1 result for (book:tps4 AND heading:"delet session novemb 28 1977" AND stemmed:framework)
[... 1 paragraph ...]
(Jane has been employing to good effect Seth’s suggestion about using the red star, as he gave that idea in the last deleted session. Various changes continue to take place throughout her body. For myself, I wanted Seth’s comments on the Spanish Framework 2 connections that he detailed last session, re Ryerson, Macdonnel, our books being translated, and the card from Carlos Smith; I wondered what had initiated any Framework 2 connections for us via Spain, since we had no interests of note there.
(Last August Jane received a letter from Nelson Hayes, who was one of her professors at Skidmore. Actually, it was a note from him to Prentice-Hall, asking for review copies of the Seth books, and that his note be forwarded to Jane. He wanted her to write him. I kept the letter, finding it after it had been initially misplaced, feeling for some reason that Jane shouldn’t answer it at the time: I trusted my intuitions, then. This was before Seth began the Frameworks 1 and 2 material, I believe. Jane mentioned the note at various times, wondering what had happened to it.
[... 6 paragraphs ...]
The Protestant work ethics give you great technology sometimes. Sometimes they provide a backbone, an impetus, a direction, a framework, in which people not specifically gifted can find a place, sometimes.

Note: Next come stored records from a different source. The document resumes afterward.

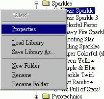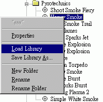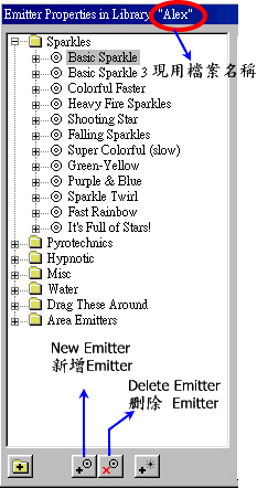 新增、刪除 Emitter,必須在資料庫屬性視窗中處理,同樣的於快顯功能表中選「Properies」,如圖 7。或是於 Emitter 資料庫區雙擊滑鼠鍵﹙Double Click﹚,也可以將 Properties 視窗開啟。 之後會開啟 Emitter 的屬性視窗,最左方為 Emitter 的樹狀結構,下方有 2 個小按鈕分別為,「新增 Emitter」、「刪除 Emitter」;值得注意的是新增 Emitter,並不是增加一個空的 Emitter,而是複製所選擇的 Emitter,然後我們再就這個 Emitter 作一些細部修改,所以形同一個新的,如圖 8。
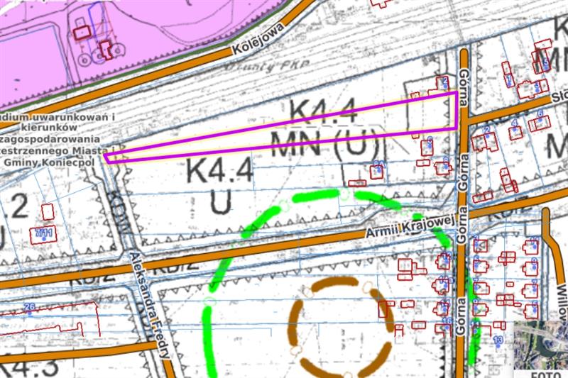 2. Działka o powierzchni 5164 m2 znajdująca się obok skrzyżowania ulicy Górnej oraz Armii Krajowej, w kształcie trójka o podstawie od ulicy Górnej około 30 metrów, w MPZP przeznaczona pod: teren o powierzchni ok. 1100 m2 pod budownictwo mieszkaniowe jednorodzinne, reszta działki po powierzchni około 4000 md usługi, ze względu na kształt działki ewentualne wykorzystanie terenu pod usługi to maksymalnie około 1500 m2.  Działka zadrzewiona. W ulicy Górnej znajdują się: woda, prąd i kanalizacja.
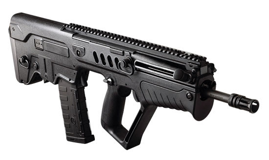 This left-hand IWI Tavor Sar 5.56 Nato Flattop Rifle features a full-length picatinny top rail, short rail mounted at 45° angle opposite of charging handle, long gas stroke operating system, cold hammer forged CrMoV chrome lined barrel, 30rd NATO STANAG magazine, reinforced polymer bullpup stock, and a folding front sight blade with Tritium insert and rear sight aperture. This left-handed model has all controls moved for left-hand operation, including the cocking handle, safety lever, QD swivel receptacles, and relocation of the forward 45° rail.
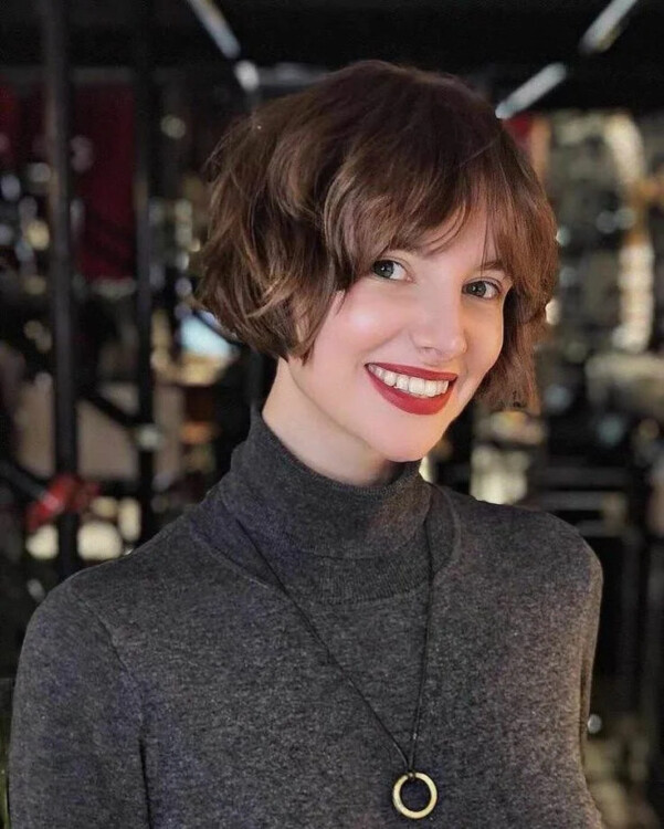 Хочете коротку стрижку, але не занадто? Вам сподобається цей варіант! Середнє Пікс на хвилястому волоссі і короткий чубчик – завіса, довжиною трохи нижче брів. Виглядає юно і свіжо!
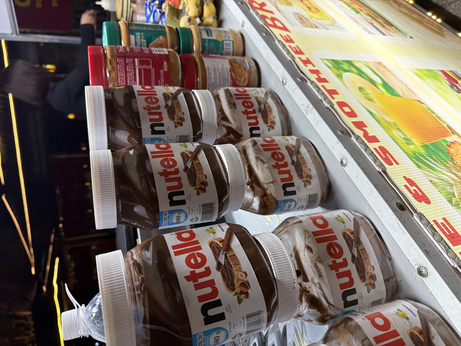 The image captures a retail display of food spreads at a market stall in Nam Hoa Lư Ward, Vietnam. The foreground is dominated by multiple jars of Nutella hazelnut spread, primarily in 680g containers, stacked two high in several instances on a metallic gray counter surface. Labels on the Nutella jars are visible, indicating "680 g" and featuring Vietnamese text. To the right of the Nutella, several jars of other spreads, likely peanut butter, are displayed with red and green lids. A clear plastic water bottle with a white cap is on the far left. Below the counter, a brightly illuminated display panel for the stall shows images of beverages and food, with the partial text "SMOOTHIE BR" visible. In the blurred background, a person with short, dark hair, wearing a dark garment, is partially visible, positioned behind the counter, engaged in an indistinct activity. The setting appears to be an evening market or an artificially lit indoor environment.
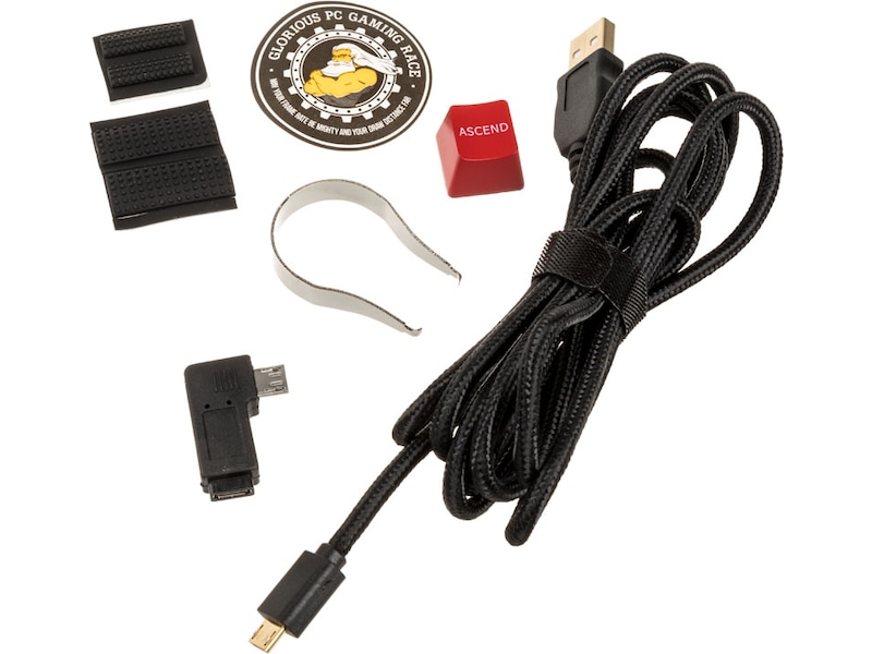 Glorious klistermärke, tangentborttagare, specialtillverkad switch-borttagare och standard ESC-tangenter.
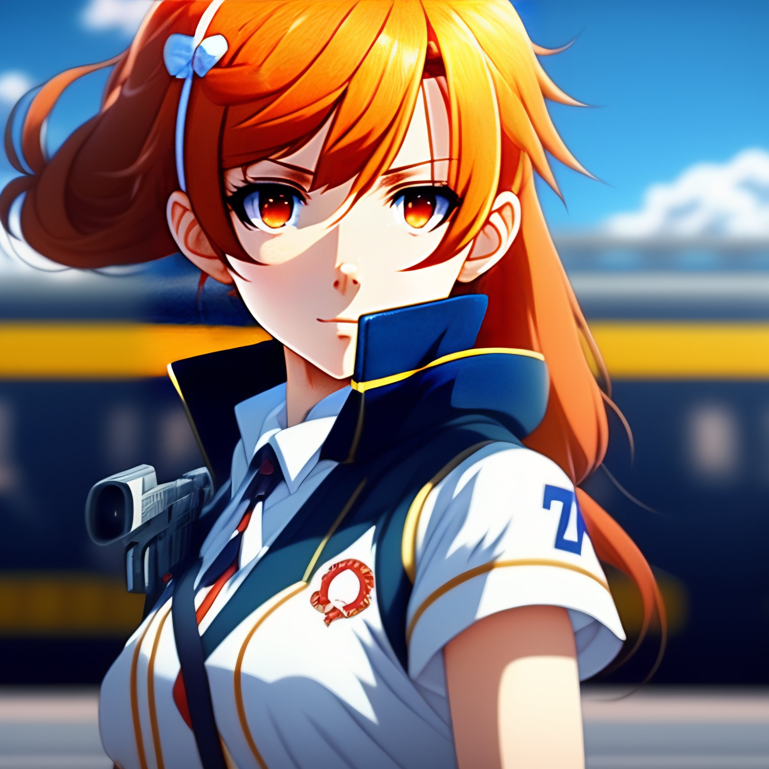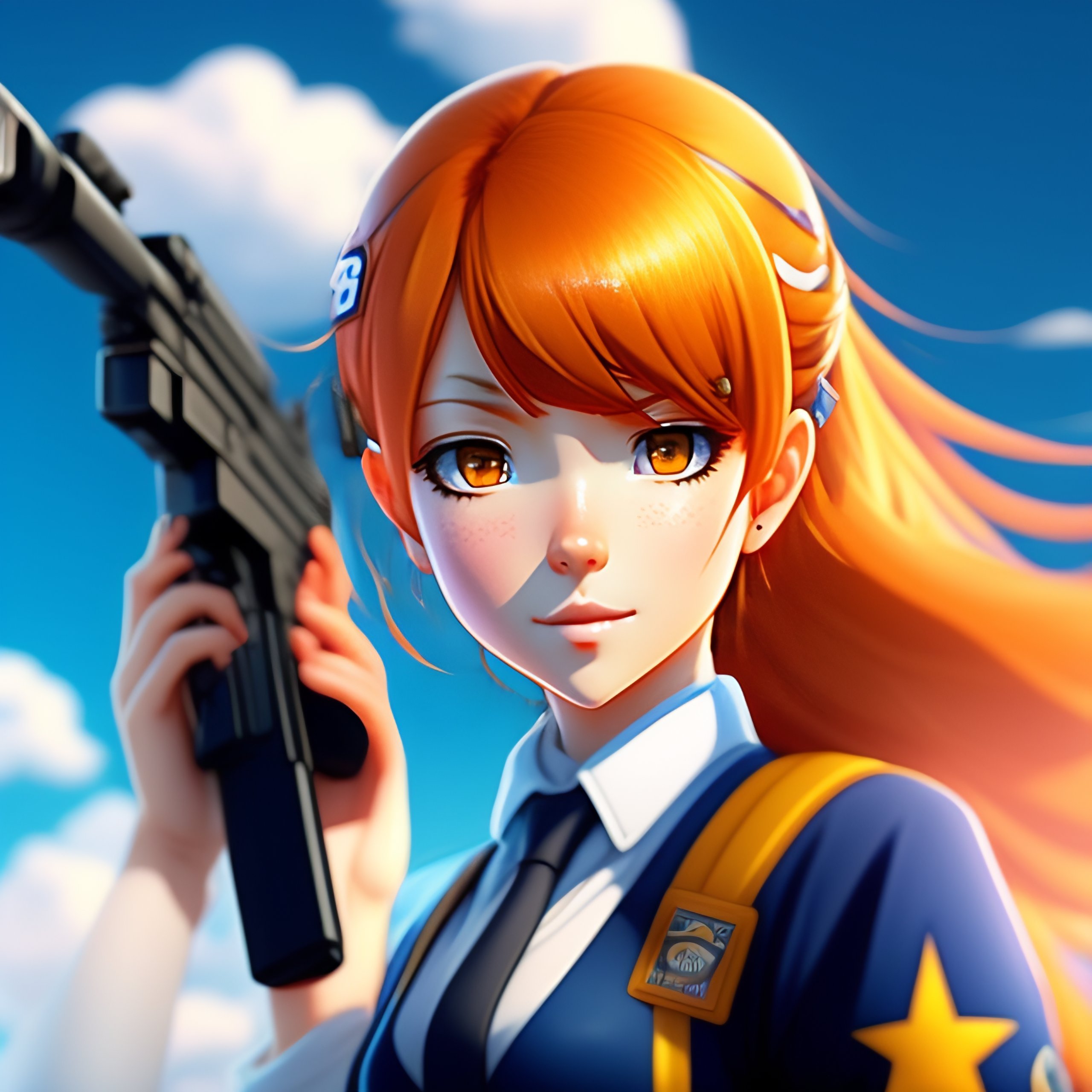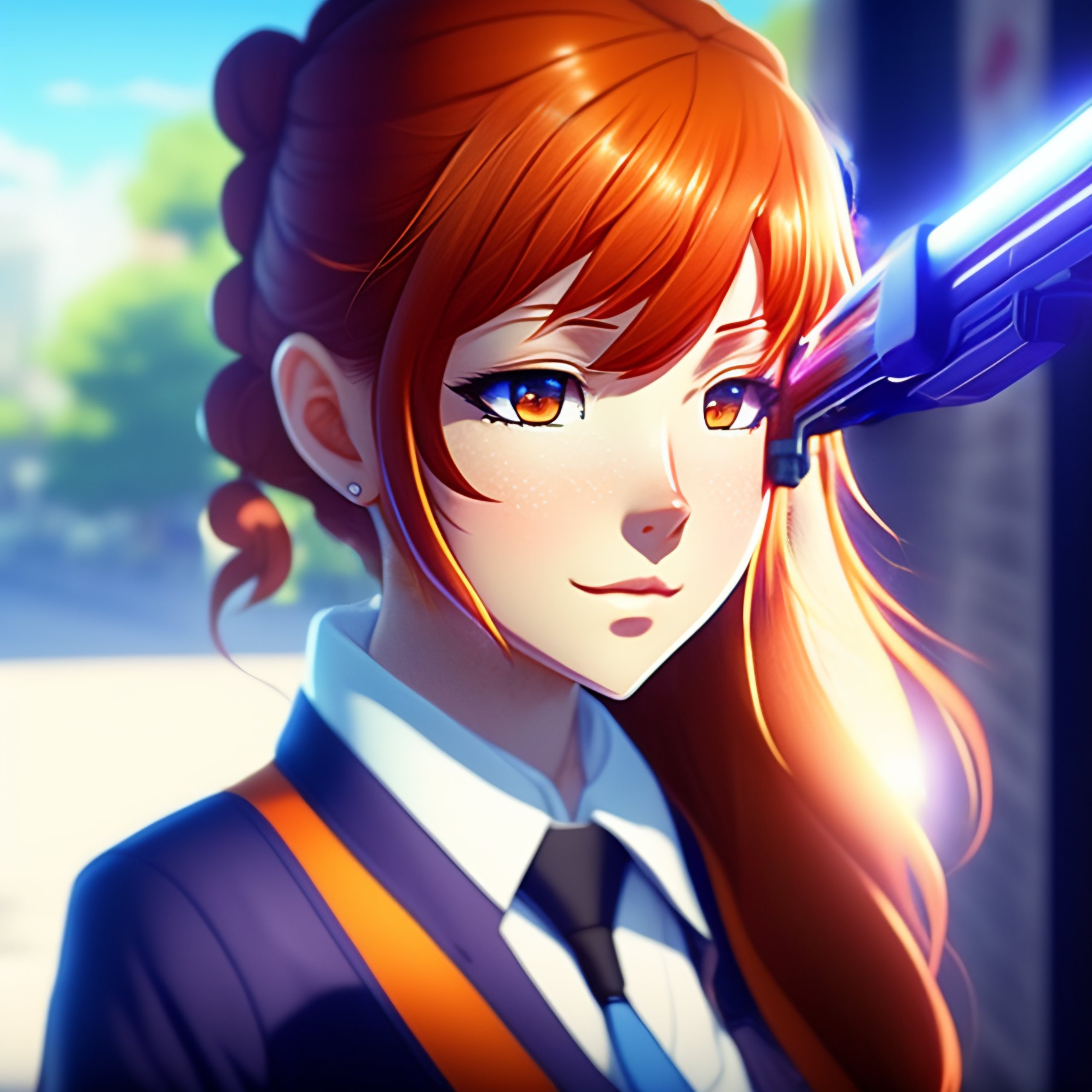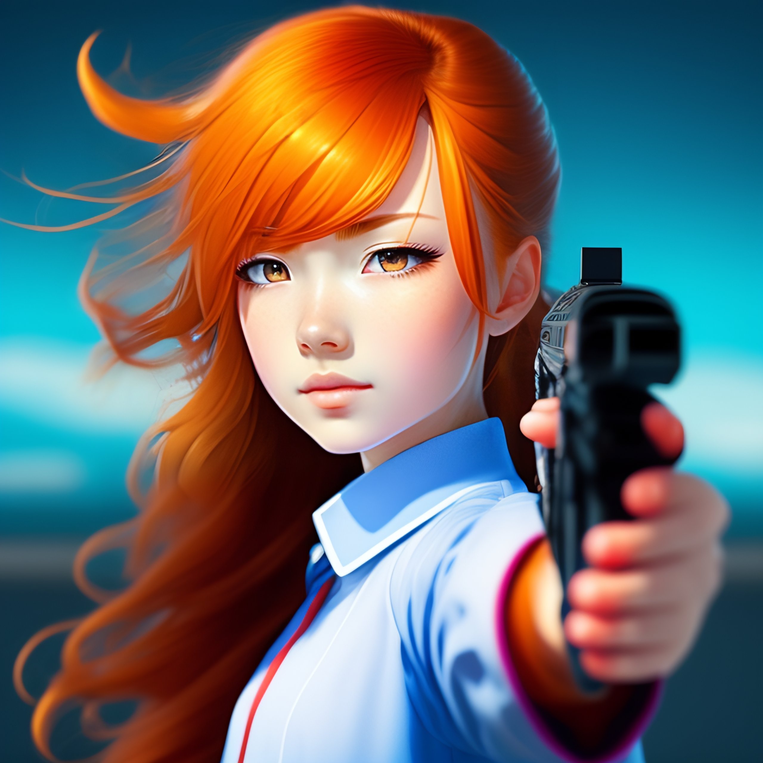 Anime style girl with ginger hair - in a ponytail and in a blue school uniform is pointing a gun at you

Protestant work ethics do not produce great art, and they can finally undo the good that they have done, by turning all work into a meaningless performance in which the product itself becomes a means to an end, and loses any esthetic value.
[... 2 paragraphs ...]
In that framework, you each found yourselves artistically gifted. While you went to art school, you recognized that in larger terms art cannot be taught, merely basic techniques. Ruburt recognized that no one can teach you to write. You could not therefore count on a series of well-known steps to bring you to your own, as a carpenter or a doctor, or a dentist (humorously) can.
You had no social or cultural framework, then, ready-made for you to follow. Nor did you have any certainty that any self-imposed period of training and learning would succeed in leading you to your goals. In practical terms your goals were nebulous enough, in that there would be no degrees granted you, to say you had achieved them. You also had to survive economically.
[... 8 paragraphs ...]
In Framework 2 your abilities from birth seek their fulfillment, not at your expense, not despite your own best interests. Your biology, your abilities, your mind and your emotions, are not conflicting elements, one battling the others so that you must fight to attain your goals. In Framework 2, effortlessly all patterns are set into motion at your birth, opening up innumerable probable pathways, each leading to the best fulfillment of your potential, so that events, chance encounters, everything works together.
[... 4 paragraphs ...]
The instances of Framework 2 activity as you become aware of them will show you the true nature of creativity, and acquaint you with the mental feeling of freedom and spontaneity. You have not understood the connections between your work and your life. A problem in a painting or in a book might be solved through an hour’s lovemaking, for often what might seem to be a problem of technique is, as you are beginning to understand, an emotional equation instead. None of your impulses are meaningless. You cannot separate your work from your life. Spontaneity as you understand it now, in the light of your knowledge, can only add to your work, for it is not meaningless license, nor is it composed of impulses contrary to your work.
[... 2 paragraphs ...]
(10:35–11:05.) If you are born into a time that does not seem conducive to your talents, it is because that society offers needed counterpoints to questions that concern you, or because it provides a particular kind of framework that will color your abilities in a certain direction, bringing out nuances or accomplishments not possible otherwise.
[... 2 paragraphs ...]
His intent in Framework 2 was so clear that his creative spontaneity was retained to a large degree despite the blankets he threw upon it. He equated, again, the writer or poet as highly gifted but emotionally not stable, so that he thought he had to set himself against his own nature in order to produce.
[... 2 paragraphs ...]
In Framework 2, your writing abilities were also known, of course, and they continue to develop, continue to seek for outlet, continue to search for a pattern; despite your relative abandonment of them, they came to the fore. It may not seem so, but only your ideas of time, and not time itself, relatively closes your mind to the idea of a book of your own. For once stated, that desire —which is a desire—would lead to insights and inspirations that would collect in odd hours, scribbled down in a few moments, that would lead quite easily to a finished product.
I want Ruburt, again, to encourage spontaneity in all areas, and to trust that the spontaneity is the result of quite orderly sequences in Framework 2, and of larger patterns of creativity that are not yet consciously apparent. I want him to allow for greater physical spontaneity, to perform a physical act when he feels like it, and for greater psychic and creative spontaneity, both in his working hours and outside them; to concentrate on creativity, not time; for then you use time and it does not use you.